The output should contain the listing word for word and no pictures.

» Data provided
# # #

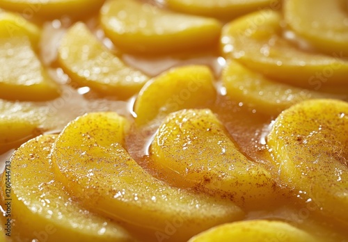 Freshly Sliced Yellow Apples Glazed in Sweet Cinnamon Sauce for Dessert or Culinary Decoration in a Bright and Appealing Presentation
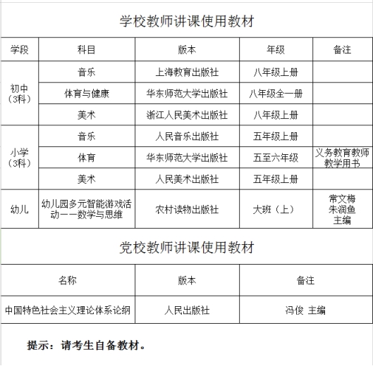 根據(jù)《山西省高平市2017年部分事業(yè)單位公開招聘工作人員的公告》要求,教師崗位(含黨校教師)的面試采取講課方式進(jìn)行,現(xiàn)將講課使用的教材公布如下:
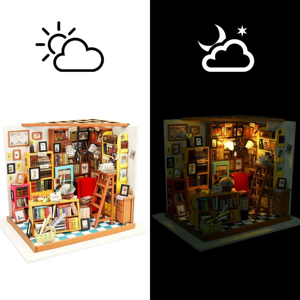 Et meget fint byggesæt i mini-format, hvor du kan få timer til at få med at samle og dekorere en lille boghandel fuld af imponerende detaljer.

# # #

» Task solution
 Freshly Sliced Yellow Apples Glazed in Sweet Cinnamon Sauce for Dessert or Culinary Decoration in a Bright and Appealing Presentation
 根據(jù)《山西省高平市2017年部分事業(yè)單位公開招聘工作人員的公告》要求,教師崗位(含黨校教師)的面試采取講課方式進(jìn)行,現(xiàn)將講課使用的教材公布如下:
 Et meget fint byggesæt i mini-format, hvor du kan få timer til at få med at samle og dekorere en lille boghandel fuld af imponerende detaljer.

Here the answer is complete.